Hypnosis and pain relief

Theories of hypnosis state

Chapter 9 Placebo, nocebo

The power of thoughts

Placebo, nocebo effects

Modern placebo research

Placebo by conditioning

Cultural conditioned placebo

After writing

References

IntroductionIntuition and the unconscious zone

The concept of “The Unconscious Zone” in this book pertains to our mind areas where many intuitive decisions and subliminal influences are unconsciously. As people are we exposed daily for hidden impacts that are not recorded by our consciousness. We says that we have decided after our gut feeling or that we, without conscious knowledge, intuitively just know how something is connected. Many famous scientists (for example Einstein, Maxwell) have shown to their intuition when they suddenly discover new previously unknown lows in physics. New findings in brain research on perception suggest that our consciousness only to a little extent can take advantage of all the information as our senses produce.

Brain researchers have shown that we have a delay of approximately 0.5 seconds before we become aware of such as sights that are generated in order of 10 MB/s (10 million bits of information per second). This delay would be able to be fatal in situations where we need to react instinctively when any dangerous occurrence (escape, risk of injury). The brain has solved this by reacting automatically without a conscious mind in many situations. If we for example run the car often do not know how we have operated the car forward to destination, then driving has become an automatic activity until it eventually something happens unexpectedly.

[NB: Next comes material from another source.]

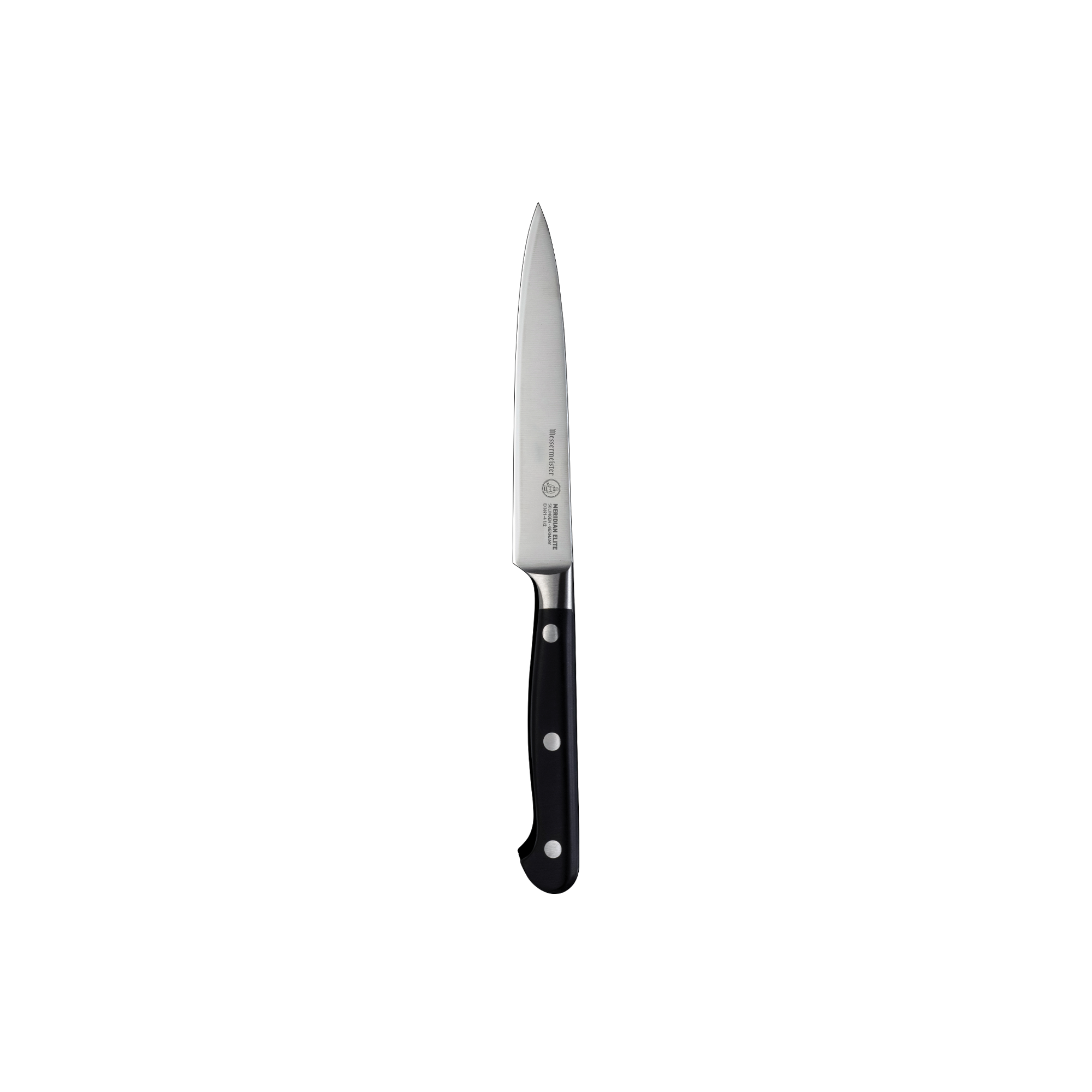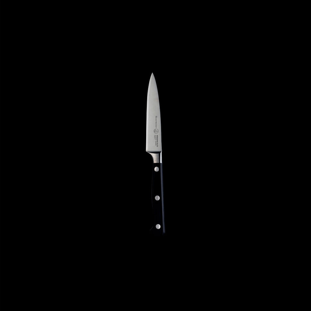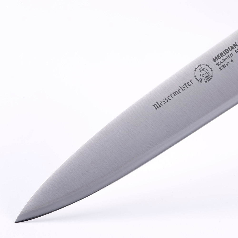 Need a little more reach without losing control? Enter the Meridian Elite 4” Spear Point Paring Knife. The slightly extended blade offers more versatility—ideal for segmenting citrus, scoring pastry, or trimming proteins. Forged in Germany with razor-sharp precision, this knife delivers excellent balance and edge retention in a compact, maneuverable form.

We may in many cases work out a capability to automatically conduct as a Budo sports, in which the body is trained to instinctively perform appropriate parades without conscious intervention. Even in many monotonous work situations tend we perform work to daydreaming, while the body automatically performs the learned work phases. As difference from previous position is “Flow” a special condition where you go into a task and literally engulfed by the workflow and to become unaware of time and environment. It requires some prerequisites for that end up in the flow State.

We are also talking about hidden (silent) knowledge in different work areas, which sometimes says that the company’s knowledge is sitting in the walls. Faithful employees with many years of experience in a company have often an unconscious knowledge which, as it was, sitting in the spinal cord. An example is from Ericsson Microwave (former employment) where a waveguide for microwaves to Tele-X satellite with especially high demands on accuracy (1/100 mm) were turned. They got hire a pension based turners with long experience of a special lathe in order to keep the necessary accuracy of the wave guide.

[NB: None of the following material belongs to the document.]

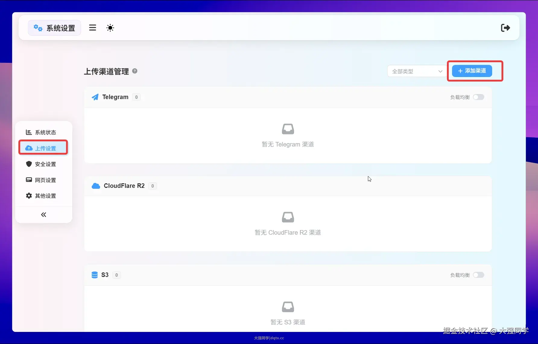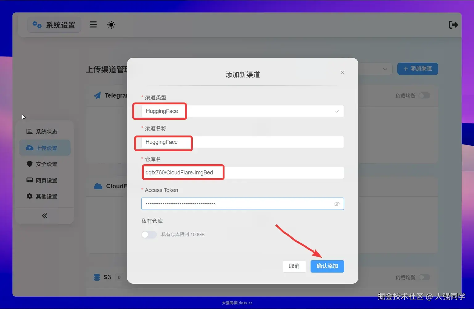 /dashboard(如https://你的域名/dashboard); - 进入「系统设置」→「上传设置」,添加 HF 渠道:

In everyday life is contemporary man prone to unconscious influences in many contexts. Behavioral Science has revealed our buying habits and thus designed the stores to merchandising, the lighting, the color and background music has been adapted in order to trigger optimal needful things of the customer. Even the advertising industry is exploring how best to get the attention of newspaper ads and TV commercials. In this context, talking man of subliminal perception where we have made attempts to put in the occasional advertising images in movies which we do not see consciously but that nevertheless can give subconscious message.

A different unconscious influences which we daily suffer for is our relationship to body language. We have more often an intuitive way to interpret the signals as the surroundings gives. Chapter 6 provides an overview of how we can become aware of this influence.

New development of electronic devices for measurement via electrodes on the body by normal unconscious endocrine functions has resulted in a new therapy work activities referred to as biofeedback. The equipment is designed so that the patient visually or sonically can see the current status of the measured variable. Through biofeedback can you affect the heart rate with conscious suggestions and immediately see the effects on pulse rhythm. Therapeutic biofeedback is used to, among other things affect stress-related medical conditions. Similar effects on the body’s endocrine system, it has in thousands of years been able to influence via Yoga training. Methods for reducing the respiratory rate, heart rate and metabolism are included in many Yoga traditions.

Later time brain research has completely new possibilities to measure the brain’s internal work by identifying the neural networks via computer-controlled measurement methods such as functional magnetic resonance tomography (fMRI) and Magnetoencephalography (MEG) and Transcranial magnetic stimulation (TMS) and others. Through these methods can we today in detail follow the brain’s work and identify many of the unconscious activities that shape our thoughts. For people with neurological disorders, this will result in completely new treatments.

Hypnosis is used in medicine as stunning at certain operations, and as therapy for, among other things smoking cessation and curative of phobia. More recent research has shown that hypnosis is a special State of consciousness in which to measure eye movements and EEG (measuring electrical activity in the brain via electrodes on the outside of the scalp) which gives specific patterns that differ from normal awake consciousness.

Placebo/nocebo effects that affect us, among other things in disease treatment have been identified via modern research methods. Even in Sweden carried out this type of research at the Karolinska hospital in Stockholm under the leadership of Professor Martin Ingvar. Results from the placebo research have already had an impact on the development and testing of new medicinal preparations to safeguard the positive impact that placebo can bring.

In psychoanalytic terms, according to Freud, so he talks about different layers in the personal consciousness that he resembles at the iceberg which floats on the water’s surface. Over the surface of the water is the conscious ego and beneath the surface is the subconscious as similar to iceberg have the greatest content. Water surface is symbolized by the term preconscious containing perception which can be reached with some effort.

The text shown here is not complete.